Exercise directions:
Transcribe exactly everything in the data below from the line containing "스크립트문에 주석으로 정규표현식이" down to the line containing "This page presents", both lines included and nothing further.
*** Task inputs ***
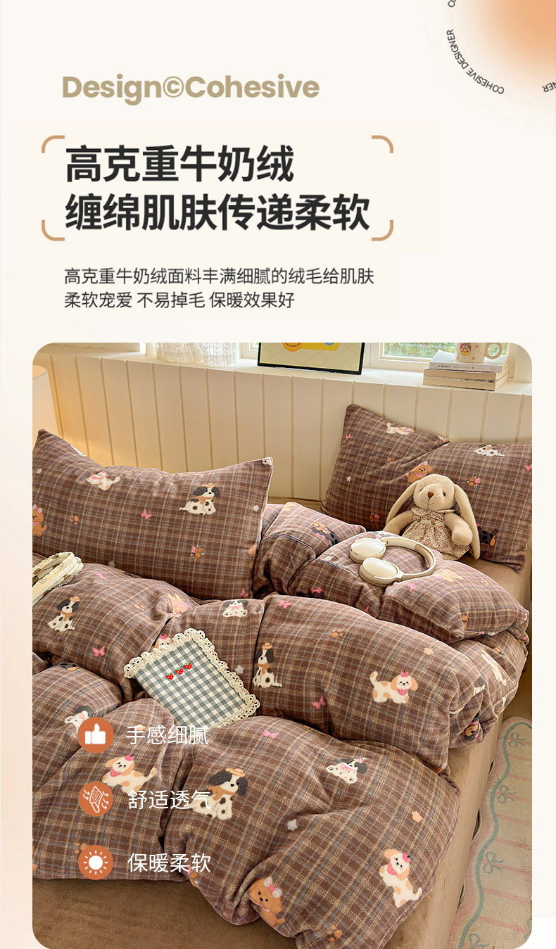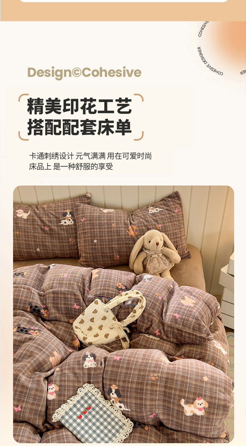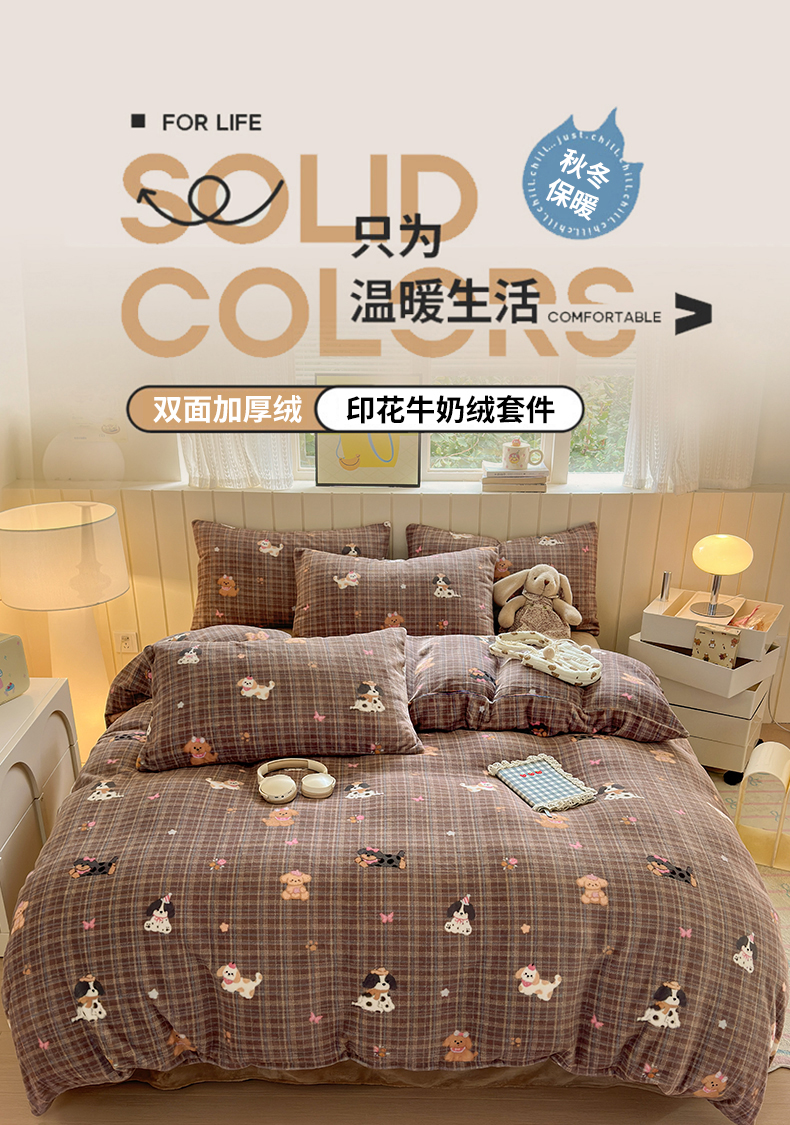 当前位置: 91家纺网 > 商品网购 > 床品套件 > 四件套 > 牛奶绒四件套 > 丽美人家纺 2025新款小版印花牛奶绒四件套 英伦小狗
***
*** Task inputs ***
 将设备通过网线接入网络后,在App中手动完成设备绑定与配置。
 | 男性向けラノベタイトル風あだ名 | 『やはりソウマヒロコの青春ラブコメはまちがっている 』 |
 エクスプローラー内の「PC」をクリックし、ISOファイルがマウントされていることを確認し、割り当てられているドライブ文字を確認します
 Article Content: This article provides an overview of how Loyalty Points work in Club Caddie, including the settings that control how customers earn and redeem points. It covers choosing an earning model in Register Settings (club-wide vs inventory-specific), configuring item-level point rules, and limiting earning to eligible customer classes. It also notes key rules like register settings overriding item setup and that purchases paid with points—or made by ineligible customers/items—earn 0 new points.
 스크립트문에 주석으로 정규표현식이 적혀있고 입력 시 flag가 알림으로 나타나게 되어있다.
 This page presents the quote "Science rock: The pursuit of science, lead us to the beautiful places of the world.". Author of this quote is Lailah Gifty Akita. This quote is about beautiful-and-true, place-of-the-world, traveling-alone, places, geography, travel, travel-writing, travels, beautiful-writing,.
***
Solution to this problem:
 스크립트문에 주석으로 정규표현식이 적혀있고 입력 시 flag가 알림으로 나타나게 되어있다.
 This page presents the quote "Science rock: The pursuit of science, lead us to the beautiful places of the world.". Author of this quote is Lailah Gifty Akita. This quote is about beautiful-and-true, place-of-the-world, traveling-alone, places, geography, travel, travel-writing, travels, beautiful-writing,.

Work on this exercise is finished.